Abstract

To investigate the efficacy of repeat transurethral resection of tumor in patients with non-muscle invasive bladder cancer. From March 2004 to August 2008, 462 patients (350 males, 112 females, aged from 35 to 83 years old) with non-muscle invasive bladder cancer, were evaluated according to tumor stage, grade and muscle or no muscle tissue in initial transurethral resected sample. One hundred and twenty-five patients underwent repeat transurethral resection of bladder tumor within 4 to 6 weeks after initial resection.
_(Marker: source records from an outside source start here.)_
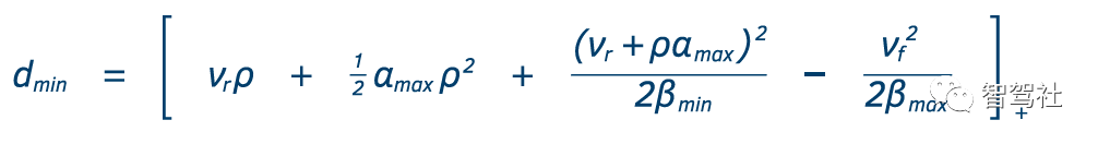 另外一种方法是可以对AV实施程序化控制。通过以下数学公式可以在安全跟车距离范围内实现车辆操作。
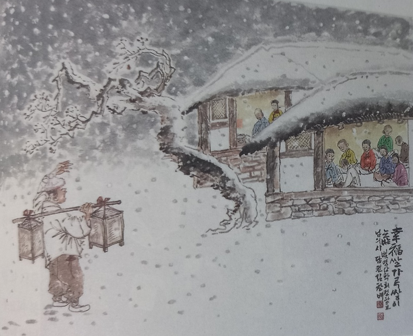 눈이 소복 이 쌓인 물지게를 진 망개떡 할배를
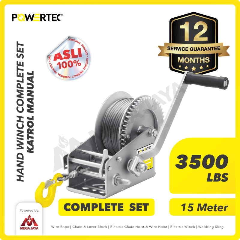 Hand Winch Powertec 3500 Lbs / 1600 Kg x 15 Meter (Complete Set)
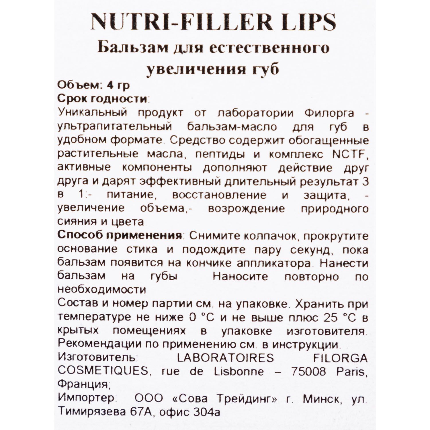 Питательный бальзам Нутри-филлер быстро возвращает комфорт и естественный блеск губ. Придает объем, восстанавливая четкость контура, смягчает сухую кожу губ и дарит им естественный блеск. Комплекс обогащенных масел и восстанавливающего масла карите питает, защищает и регенерирует поврежденную кожу губ. Пептид, стимулирующий выработку коллагена, разглаживает кожу губ, восстанавливает естественный объем и четкость контура губ. Мезотерапевтический комплекс NCEF в сочетании с ревитализирующим активным веществом мгновенно восстанавливает блеск и естественный цвет губ.
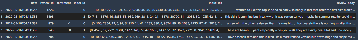 In this lab you will start with the raw Women's Clothing Reviews dataset and prepare it to train a BERT-based natural language processing (NLP) model. The model will be used to classify customer reviews into positive (1), neutral (0) and negative (-1) sentiment.
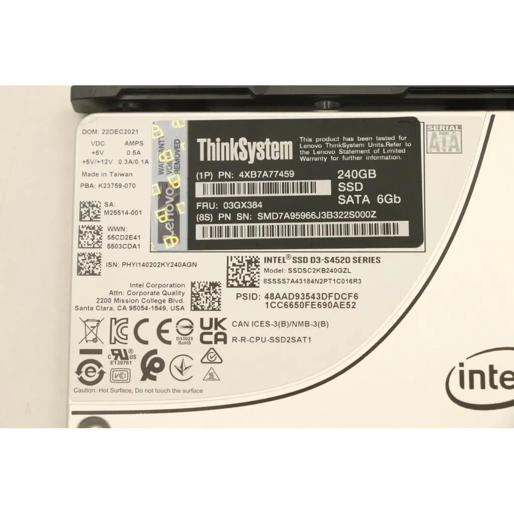 SSD Assembly, INTEL, S4520, SATA-III, 2.5″ 240GB, 6.0Gbps, NHS, self encrypting drive with tray
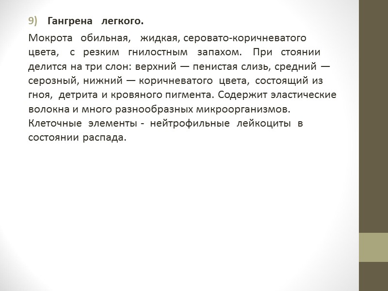 Гангрена легкого. Мокрота обильная, жидкая, серовато-коричневатого цвета, с резким гнилостным запахом. При стоянии делится на три слон: верхний — пенистая слизь, средний —серозный, нижний — коричневатого цвета, состоящий из гноя, детрита и кровяного пигмента. Содержит эластические волокна и много разнообразных микроорганизмов. Клеточные элементы - нейтрофильные лейкоциты в состоянии распада.
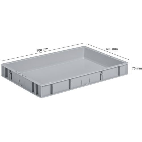 Bac norme Europe, Capacité: 14 L, Gerbable: oui, Hauteur hors tout: 75 mm, Largeur hors tout: 400 mm Bac norme Europe, Capacité: 14 L, Gerbable: oui, Hauteur hors tout: 75 mm, Largeur hors tout: 400 mm
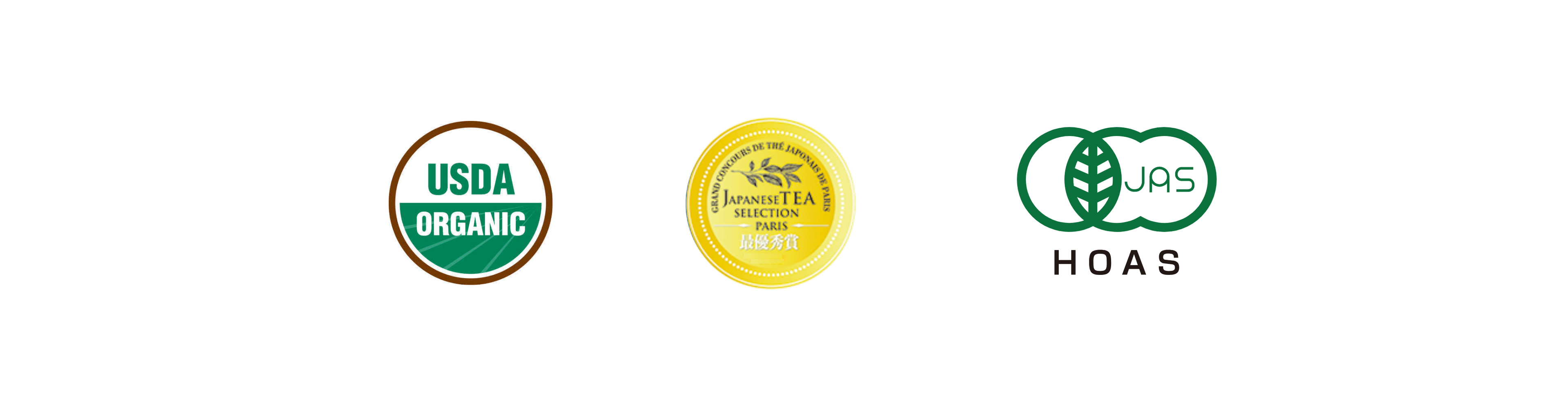 Our teas have been recognized by the Japanese Tea Selection Paris and proudly hold USDA Organic certification, JAS Organic certification (sanctioned by Japan’s Ministry of Agriculture, Forestry and Fisheries), and the exclusive HOAS certification from the Hyogo Prefecture Organic Agriculture Society.
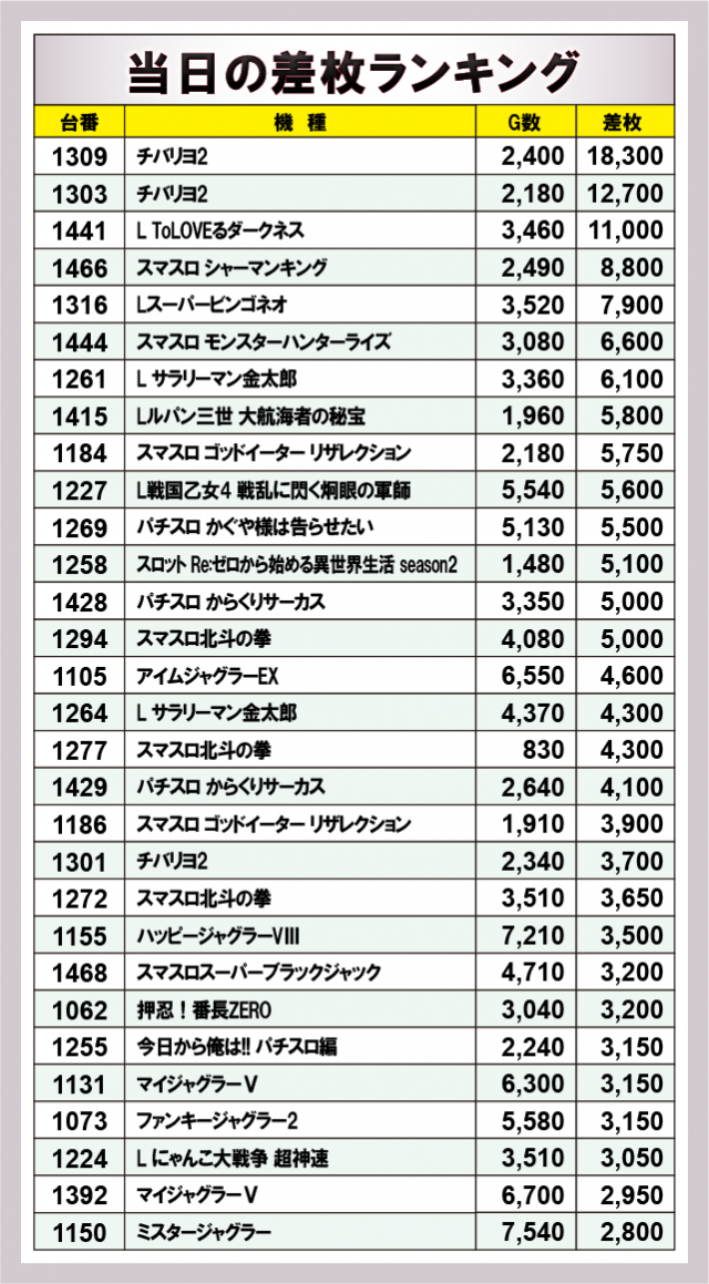 ※差枚数順に掲載しています。
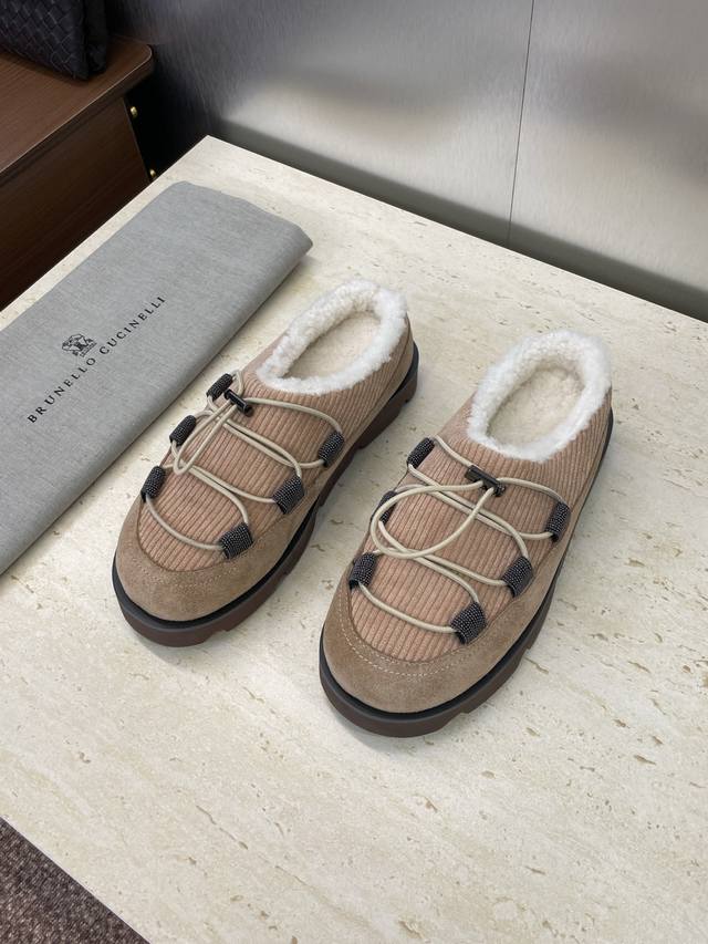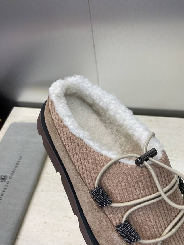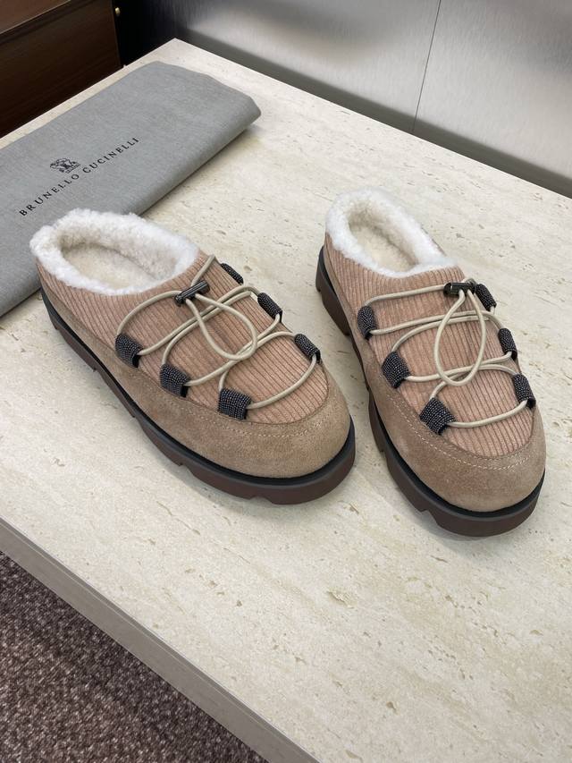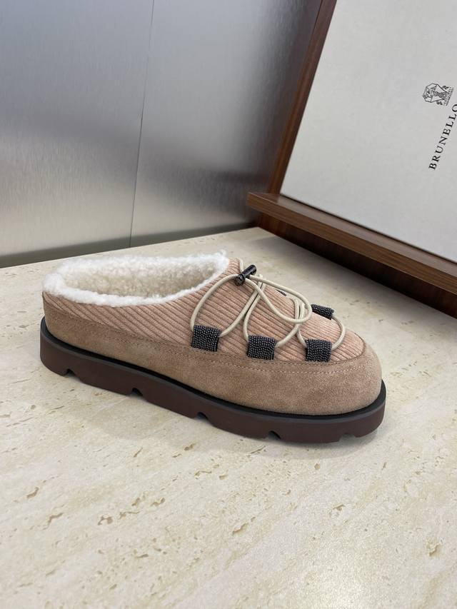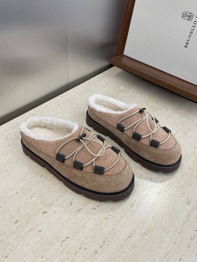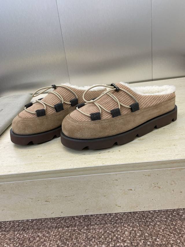 Brunello Cucineli 布鲁内诺库奇内利 2025秋冬新款字母Logo穆勒女鞋 Bc明星同款厚底系带圆头拼色串珠头居家毛毛拖鞋 市场顶级版本
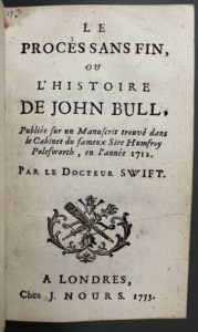 [ARBUTHNOT (John).] SWIFT (Jonathan). Le procès sans fin ou l'histoire de John Bull publiée sur …
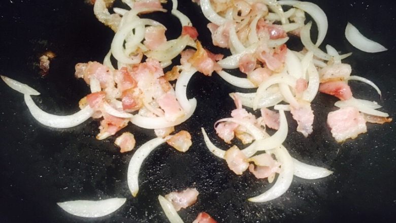 6. 等到培根表面略微上色,放入洋葱炒香。
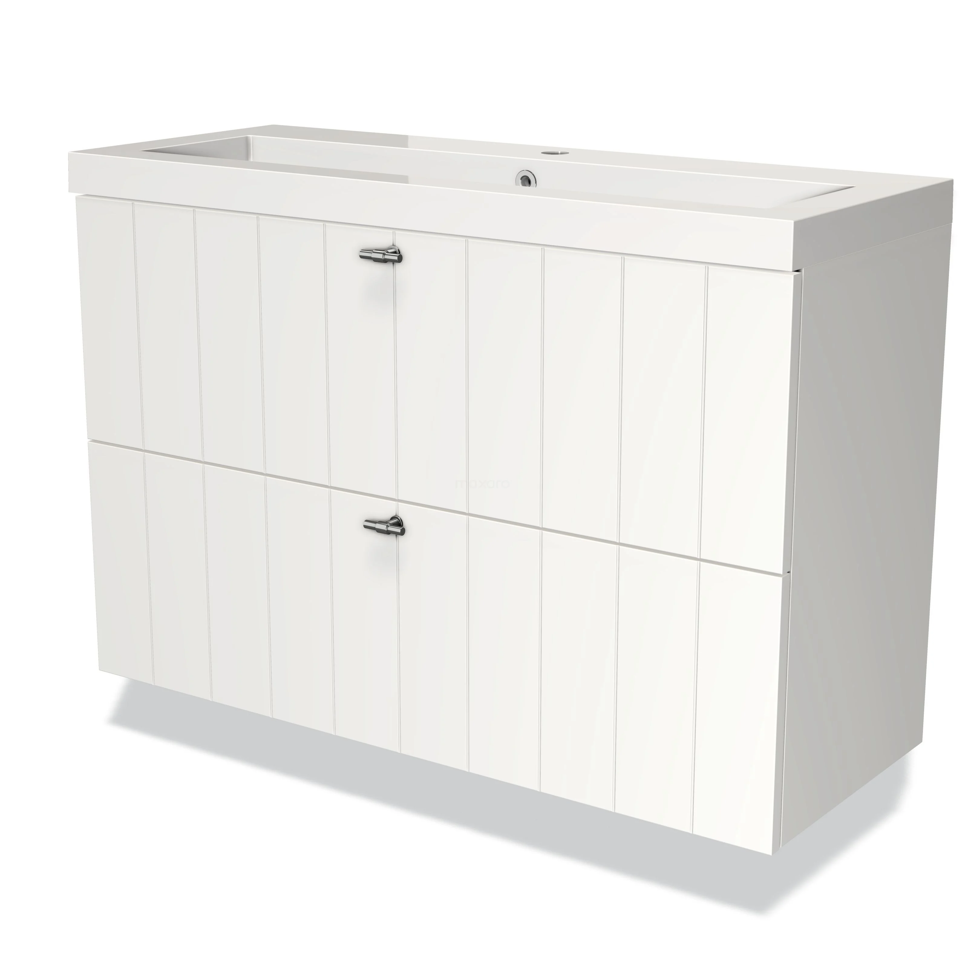 Modulo Slim Waschtische | 100 cm Matt Weiß Lamelle front Mineralguss 2 übereinanderliegende Schubladen
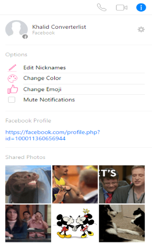You can give nicknames to your friends using Edit Nicknames option. Chat colors can be changed using Change Color option. You can set any emoji for a particular chat using Change Emoji. If you don’t want to get disturbed by notifications of a certain conversation, then you can stop notification for it by using Mute Notification. Link to the Facebook profile of the person you are having a conversation with is also displayed on the right side of the interface. All the files shared between you and your friends are also displayed on the interface under Shared photos.
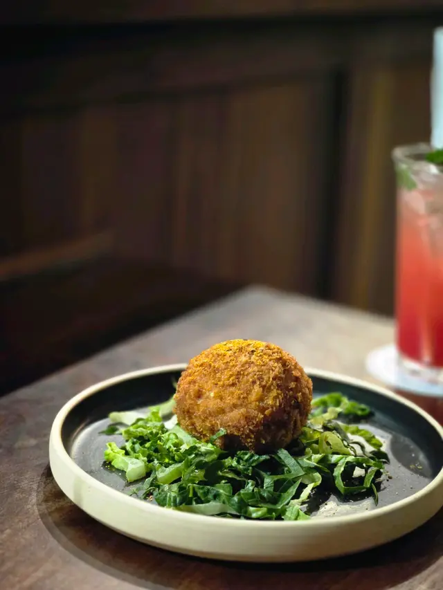 蘇格蘭炸蛋又圓又大粒,脹卜卜,賣相非常吸引!外皮香脆,入面係免治雞肉同埋流心蛋,外層加左香料調味,口感味道有層次,帶少少咸香。
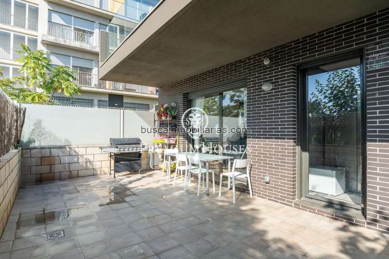 En el barrio de La Plana de Sitges encontramos a la venta esta planta baja esquinera. La vivienda es de construcción reciente y se encuentra en muy buen estado. Hay dos espacios exteriores de gran tamaño, uno al que accedemos a través del salón comedor y otro en la zona de noche.
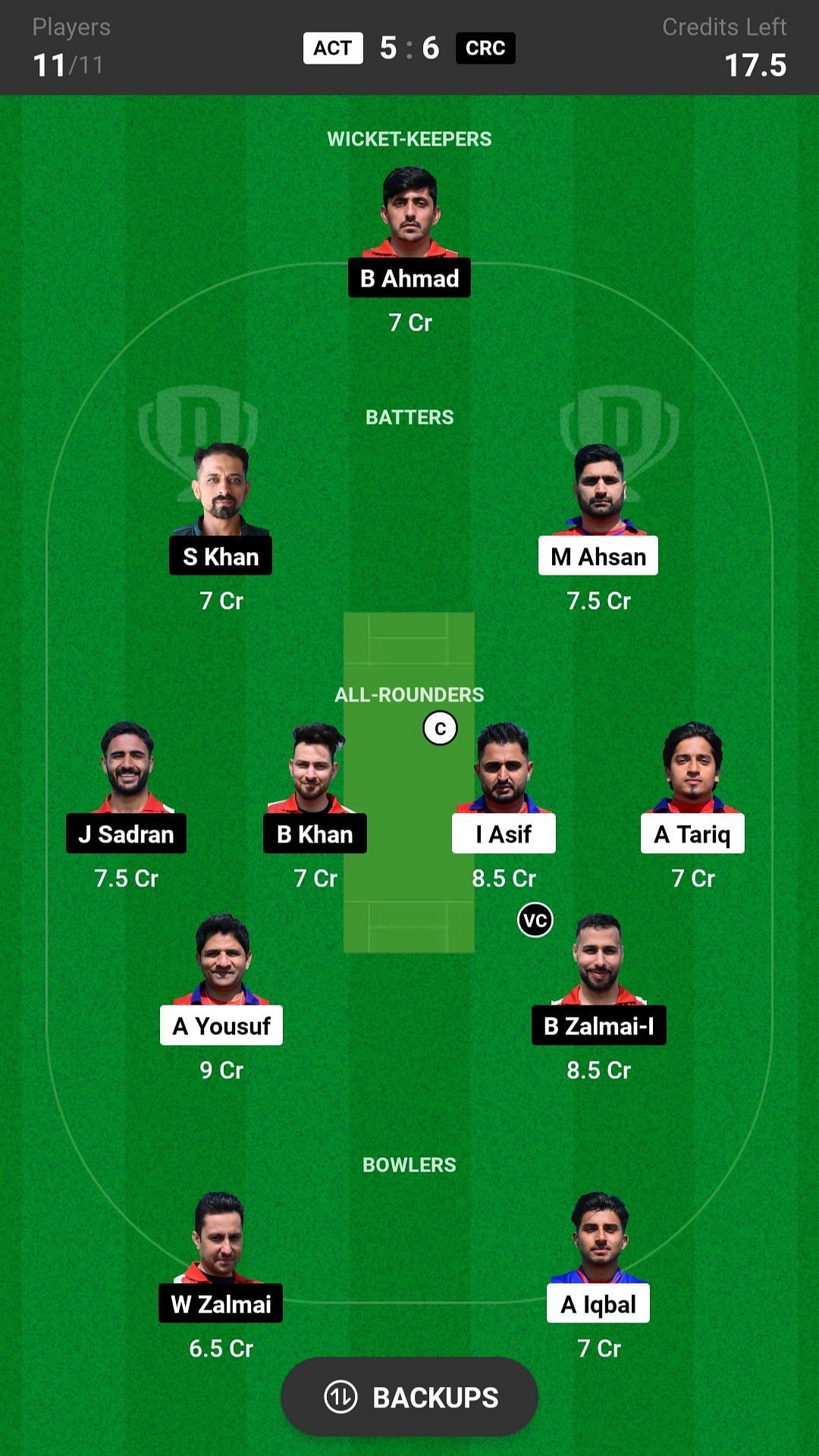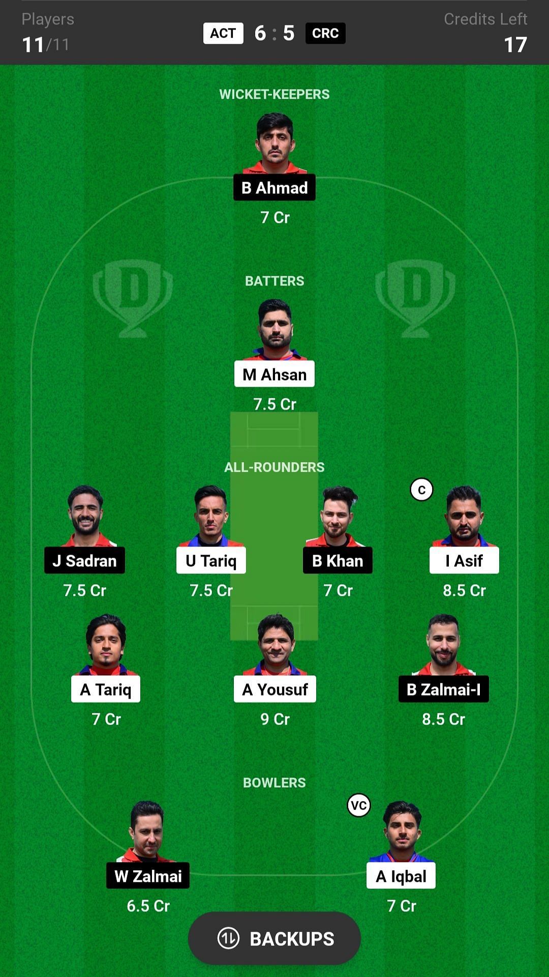 ACT vs CRC match captain and vice-captain choices

Of these 125 patients 49 were Ta, 76 were T1, 58 were low grade carcinoma, 67 were high grade carcinoma and 30 were not found presence of muscle tissue in initial resected sample in patients with T1 stage. Of the 125 cases, 34.4% (43/125) had residual tumor and 65.6% (82/125) had no tumor on repeat transurethral resection. Of 43 cases with residual tumor 35 had non-muscle invasive tumor including 15 in Ta and 20 in T1. The patients with high grade carcinoma had more residual tumor than those with low grade carcinoma (P < 0.05). The patients with muscle tissue in initial transurethral resected sample had fewer residual tumor than those without (P < 0.05). Twelve cases (9.6%) were understated at initial resection. Six cases (4.8%) had bladder perforation and 7 (5.6%) had bleeding during repeat transurethral resection. All cases were followed up for 3 to 56 months (median 26 months), 37.2% (16/43) patients with residual tumor in repeat transurethral resection had recurrence while only 12.2% (10/82) without residual tumor in repeat transurethral resection did (P < 0.05). Routine repeat transurethral resection is advised to non-muscle invasive bladder cancer patients with T1 tumor or high grade carcinoma or no muscle tissue in initial transurethral resected sample within 4 to 6 weeks after initial resection. Repeat transurethral resection could increases the stage accuracy.